• [PROBLEM DETAILS]:
Repeat precisely the span of lines below that opens with the line containing "劉巧(左)在海螺溝冰川工作。" and closes with the line containing "MIDEA 10KG WASHING", both included.

• [RECORDS]:
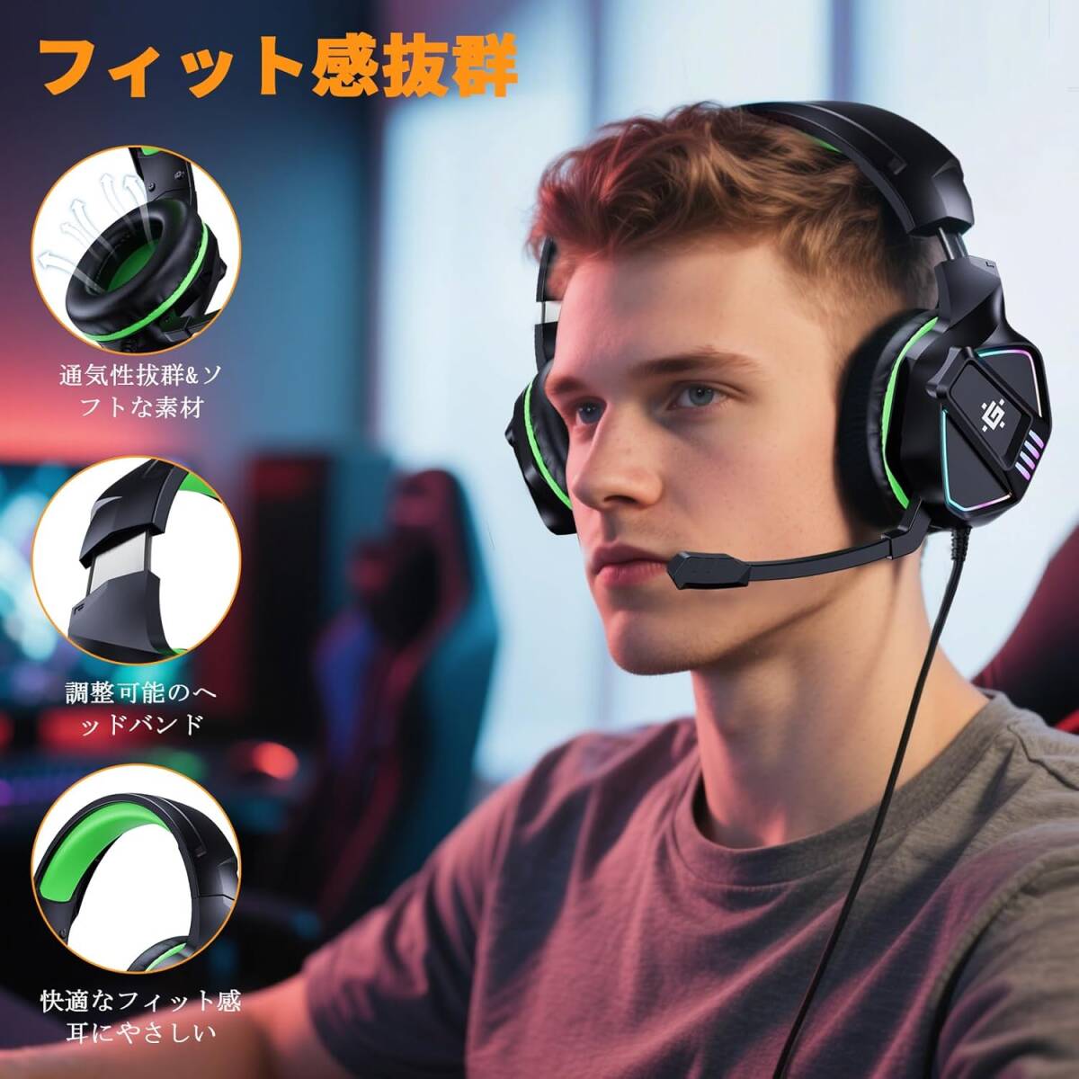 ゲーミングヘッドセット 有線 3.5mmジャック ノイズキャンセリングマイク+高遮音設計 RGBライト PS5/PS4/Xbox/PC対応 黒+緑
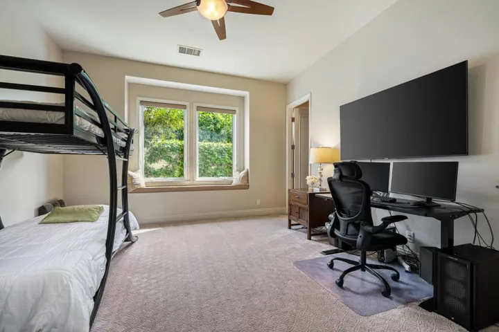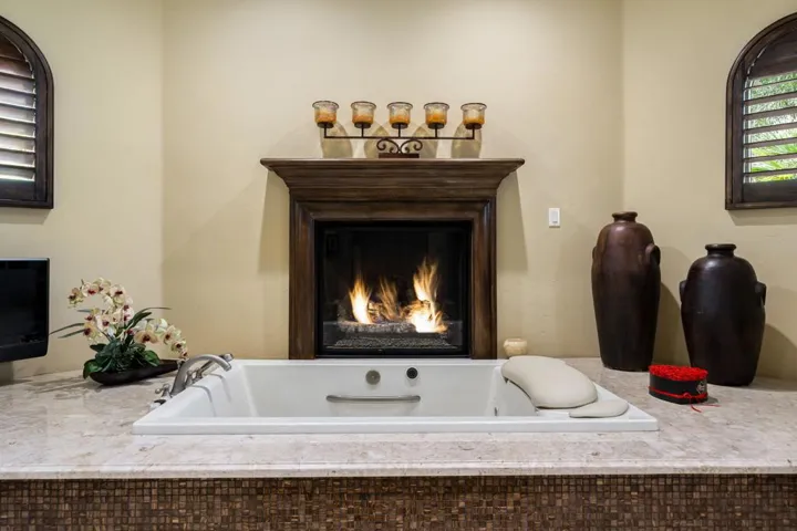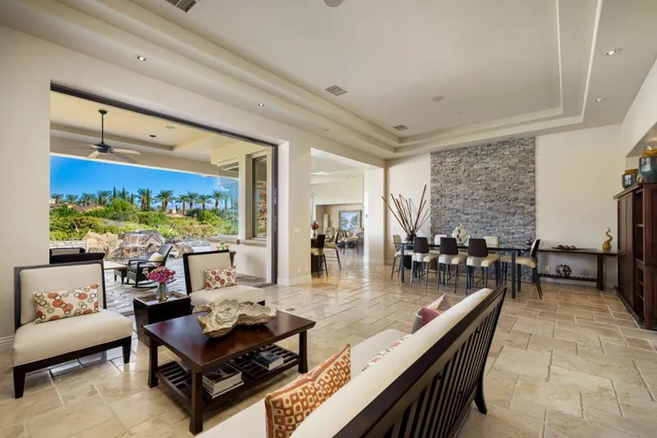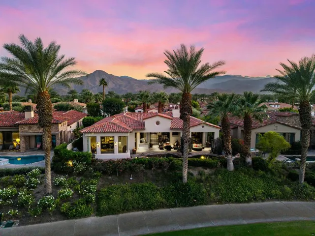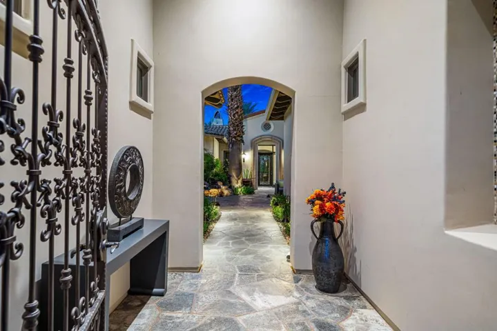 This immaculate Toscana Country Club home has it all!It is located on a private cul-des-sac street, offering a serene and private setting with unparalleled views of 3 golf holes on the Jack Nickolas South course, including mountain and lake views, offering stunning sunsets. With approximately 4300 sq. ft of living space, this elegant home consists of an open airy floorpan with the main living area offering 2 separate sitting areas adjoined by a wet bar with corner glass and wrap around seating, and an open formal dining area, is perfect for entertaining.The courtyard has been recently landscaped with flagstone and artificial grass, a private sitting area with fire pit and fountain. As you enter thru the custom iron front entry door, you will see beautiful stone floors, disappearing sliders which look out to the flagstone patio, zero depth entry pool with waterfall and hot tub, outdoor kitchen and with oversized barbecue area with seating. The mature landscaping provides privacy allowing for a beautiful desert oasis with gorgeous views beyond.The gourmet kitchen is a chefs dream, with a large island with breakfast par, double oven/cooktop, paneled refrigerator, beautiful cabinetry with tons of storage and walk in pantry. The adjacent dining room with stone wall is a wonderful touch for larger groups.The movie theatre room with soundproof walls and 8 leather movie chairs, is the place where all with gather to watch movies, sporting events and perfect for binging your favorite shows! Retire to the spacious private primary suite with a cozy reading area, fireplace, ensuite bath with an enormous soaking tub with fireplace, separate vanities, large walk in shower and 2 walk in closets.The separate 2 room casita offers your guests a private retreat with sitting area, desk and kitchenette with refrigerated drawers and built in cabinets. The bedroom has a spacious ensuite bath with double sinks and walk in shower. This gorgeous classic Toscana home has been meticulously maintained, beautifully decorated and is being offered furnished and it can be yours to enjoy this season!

...

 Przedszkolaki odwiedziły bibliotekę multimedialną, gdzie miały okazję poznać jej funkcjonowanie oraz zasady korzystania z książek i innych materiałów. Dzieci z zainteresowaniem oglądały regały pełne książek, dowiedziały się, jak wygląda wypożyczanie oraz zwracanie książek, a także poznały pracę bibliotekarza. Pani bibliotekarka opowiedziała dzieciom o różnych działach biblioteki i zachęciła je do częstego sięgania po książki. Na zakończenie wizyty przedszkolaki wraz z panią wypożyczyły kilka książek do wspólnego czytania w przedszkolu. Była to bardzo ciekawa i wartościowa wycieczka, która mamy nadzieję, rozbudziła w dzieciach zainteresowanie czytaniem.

--

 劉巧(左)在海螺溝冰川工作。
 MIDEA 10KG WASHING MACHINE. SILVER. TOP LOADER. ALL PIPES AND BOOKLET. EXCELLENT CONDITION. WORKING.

• [EXERCISE SOLUTION]:
 劉巧(左)在海螺溝冰川工作。
 MIDEA 10KG WASHING MACHINE. SILVER. TOP LOADER. ALL PIPES AND BOOKLET. EXCELLENT CONDITION. WORKING.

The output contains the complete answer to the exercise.